** What the task asks **
Give the lines below again exactly, starting with the line that holds "The combined effect" and going on through the line that holds "modern decor setting".

** Entries provided **
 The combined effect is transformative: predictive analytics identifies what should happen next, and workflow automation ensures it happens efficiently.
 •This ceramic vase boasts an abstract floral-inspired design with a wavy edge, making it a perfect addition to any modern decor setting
---
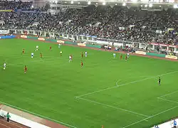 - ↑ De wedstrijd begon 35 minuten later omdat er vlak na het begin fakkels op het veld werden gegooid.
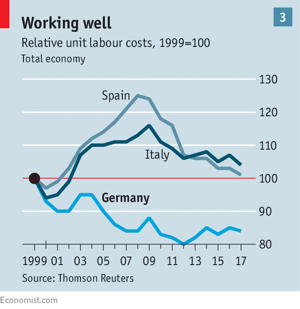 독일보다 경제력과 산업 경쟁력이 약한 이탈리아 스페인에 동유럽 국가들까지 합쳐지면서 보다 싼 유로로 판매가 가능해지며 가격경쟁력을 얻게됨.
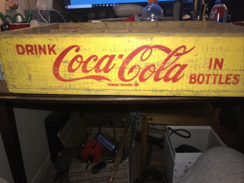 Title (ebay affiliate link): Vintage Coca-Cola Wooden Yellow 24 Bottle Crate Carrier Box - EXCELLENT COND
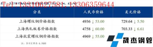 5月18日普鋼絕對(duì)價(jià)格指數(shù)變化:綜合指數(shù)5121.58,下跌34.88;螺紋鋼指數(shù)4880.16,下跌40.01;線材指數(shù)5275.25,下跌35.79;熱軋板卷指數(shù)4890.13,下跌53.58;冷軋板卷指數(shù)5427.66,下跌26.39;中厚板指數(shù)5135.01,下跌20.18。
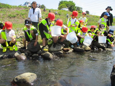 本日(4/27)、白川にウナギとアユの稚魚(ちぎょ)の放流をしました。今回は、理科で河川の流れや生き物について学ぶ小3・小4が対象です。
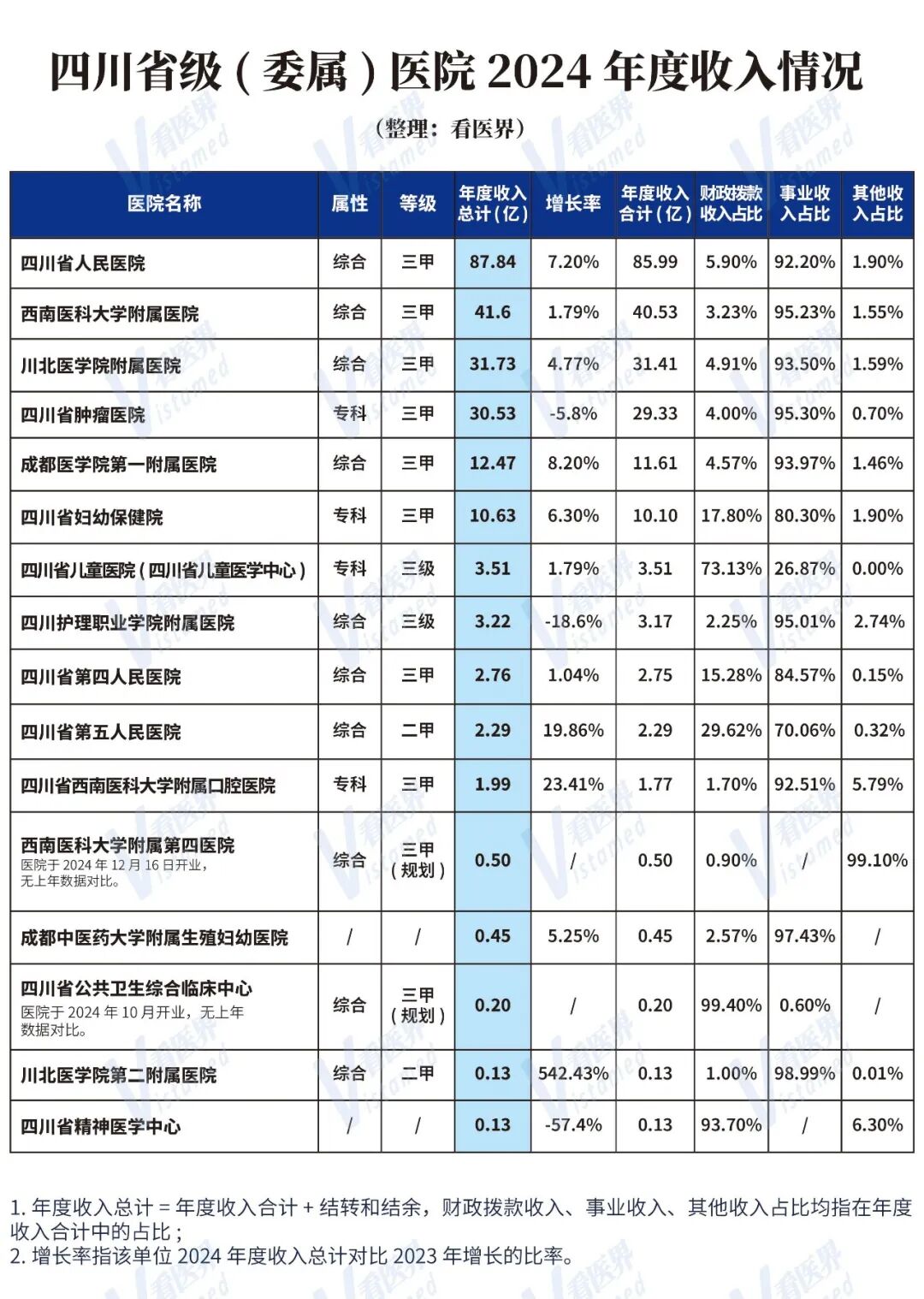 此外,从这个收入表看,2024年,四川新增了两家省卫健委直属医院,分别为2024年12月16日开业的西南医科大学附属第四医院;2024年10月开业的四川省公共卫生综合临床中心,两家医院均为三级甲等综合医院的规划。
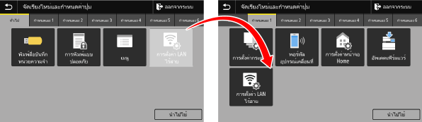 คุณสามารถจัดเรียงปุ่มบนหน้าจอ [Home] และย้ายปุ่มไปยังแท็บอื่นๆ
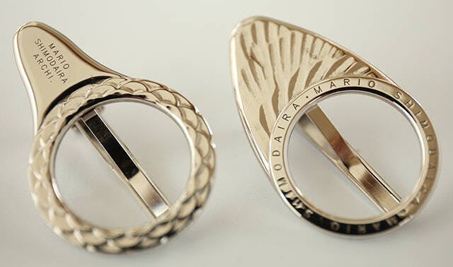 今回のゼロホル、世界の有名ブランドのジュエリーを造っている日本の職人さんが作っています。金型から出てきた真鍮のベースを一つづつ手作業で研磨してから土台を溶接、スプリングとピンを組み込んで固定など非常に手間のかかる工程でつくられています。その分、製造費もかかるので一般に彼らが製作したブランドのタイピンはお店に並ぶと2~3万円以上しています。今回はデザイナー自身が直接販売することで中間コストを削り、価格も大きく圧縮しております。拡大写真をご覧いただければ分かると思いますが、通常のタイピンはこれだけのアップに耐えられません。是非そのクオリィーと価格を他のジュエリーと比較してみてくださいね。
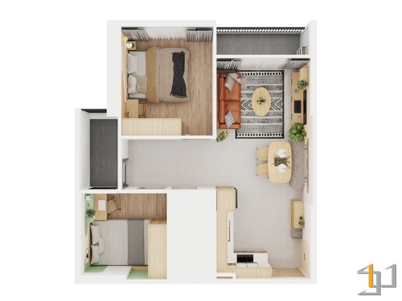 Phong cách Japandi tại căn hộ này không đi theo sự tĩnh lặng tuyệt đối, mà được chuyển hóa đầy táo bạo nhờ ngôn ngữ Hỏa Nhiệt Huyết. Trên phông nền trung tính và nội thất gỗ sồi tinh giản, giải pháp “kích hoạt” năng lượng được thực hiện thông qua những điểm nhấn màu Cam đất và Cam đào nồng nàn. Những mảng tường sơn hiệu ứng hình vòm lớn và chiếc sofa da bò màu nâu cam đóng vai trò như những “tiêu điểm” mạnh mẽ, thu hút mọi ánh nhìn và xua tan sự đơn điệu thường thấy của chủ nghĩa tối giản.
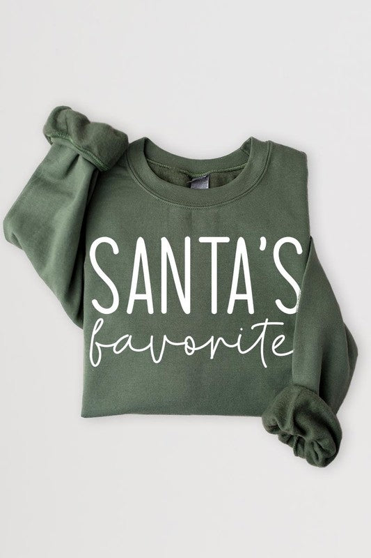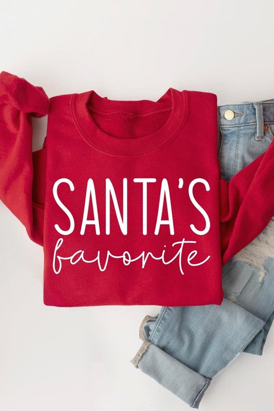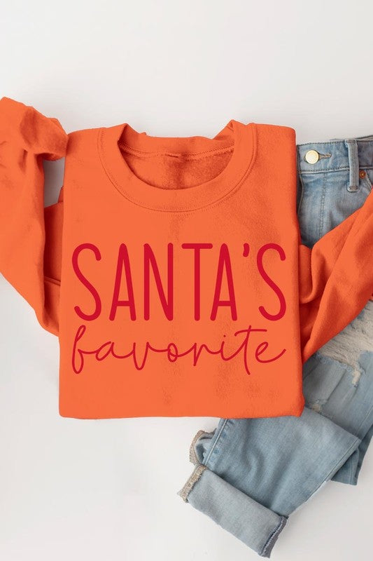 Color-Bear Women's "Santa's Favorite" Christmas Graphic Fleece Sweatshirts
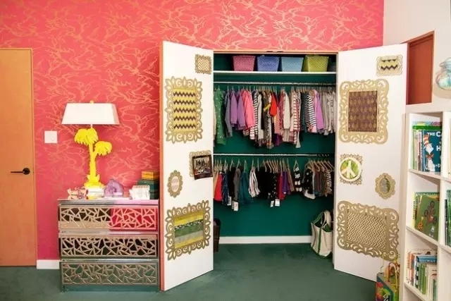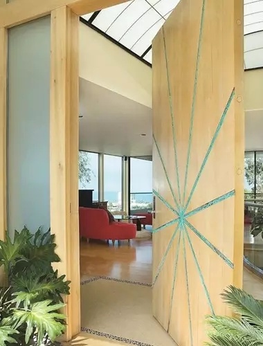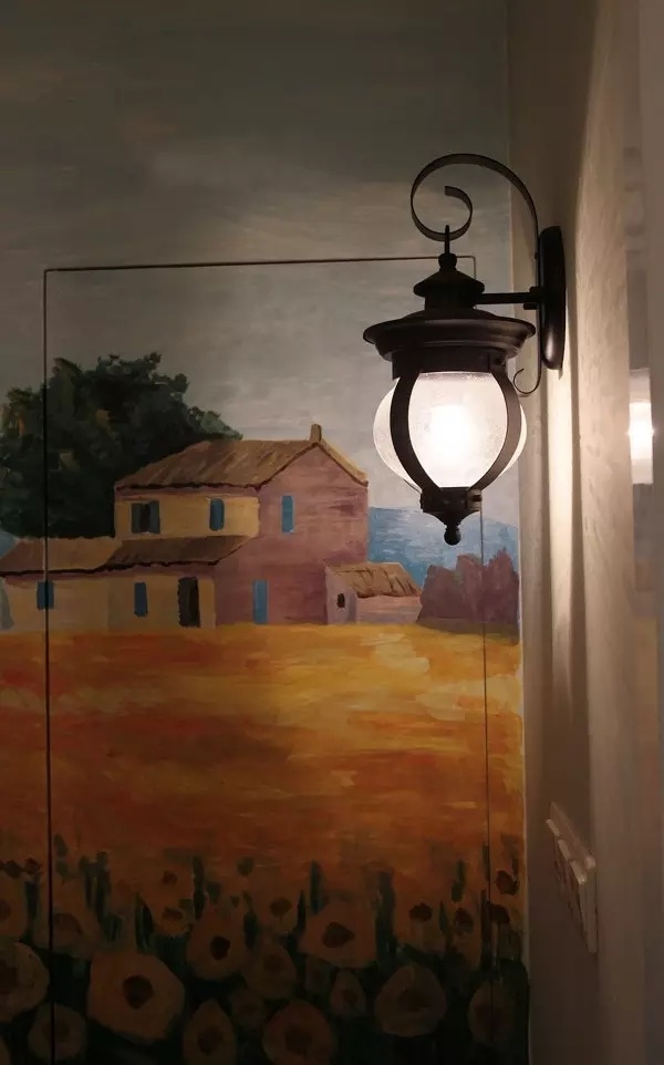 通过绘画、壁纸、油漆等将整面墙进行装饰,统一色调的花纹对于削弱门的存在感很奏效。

** Response for this exercise **
 The combined effect is transformative: predictive analytics identifies what should happen next, and workflow automation ensures it happens efficiently.
 •This ceramic vase boasts an abstract floral-inspired design with a wavy edge, making it a perfect addition to any modern decor setting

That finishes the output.